* _ABOUT THIS TASK_:
Leave the pictures out. Return all other data exactly.

* _PROVIDED DATA_:

Segment Open

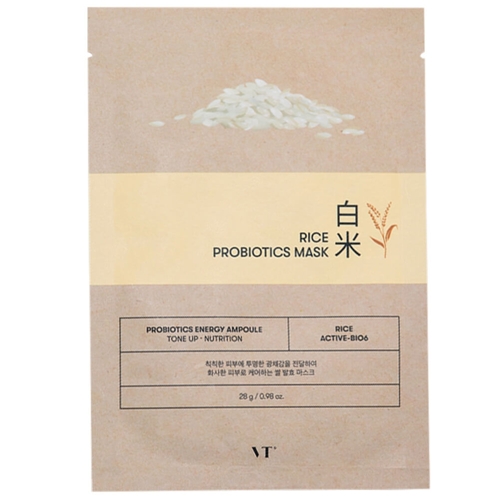 Осветляющая маска с пробиотиками VT Cosmetics Rice Probiotics Mask устраняет тусклость, выравнивает тон и возвращает коже мягкое, естественное сияние. Средство активно питает и увлажняет, поддерживает оптимальный уровень увлажненности, укрепляет защитный барьер. Содержит комплекс 6 пробиотиков и экстракты риса, киноа и овса.
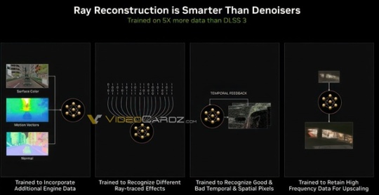 NVIDIA還宣稱,DLSS 3.5光纖重建的數據訓練量,是DLSS 3的多達5倍,而且融合了更多的傳統遊戲與遊戲引擎數據,可以識別不同的光追效果,區分時間與空間元素之間的優劣,保留高頻率使用的數據並進行縮放。
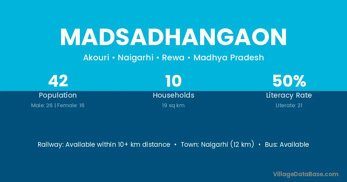 Naigarhi (12 km) is the nearest town to Madsadhangaon village for major economic activities and is located approximately 12 km away.

Segment Closed

* _RESPONSE_:
 Осветляющая маска с пробиотиками VT Cosmetics Rice Probiotics Mask устраняет тусклость, выравнивает тон и возвращает коже мягкое, естественное сияние. Средство активно питает и увлажняет, поддерживает оптимальный уровень увлажненности, укрепляет защитный барьер. Содержит комплекс 6 пробиотиков и экстракты риса, киноа и овса.
 NVIDIA還宣稱,DLSS 3.5光纖重建的數據訓練量,是DLSS 3的多達5倍,而且融合了更多的傳統遊戲與遊戲引擎數據,可以識別不同的光追效果,區分時間與空間元素之間的優劣,保留高頻率使用的數據並進行縮放。
 Naigarhi (12 km) is the nearest town to Madsadhangaon village for major economic activities and is located approximately 12 km away.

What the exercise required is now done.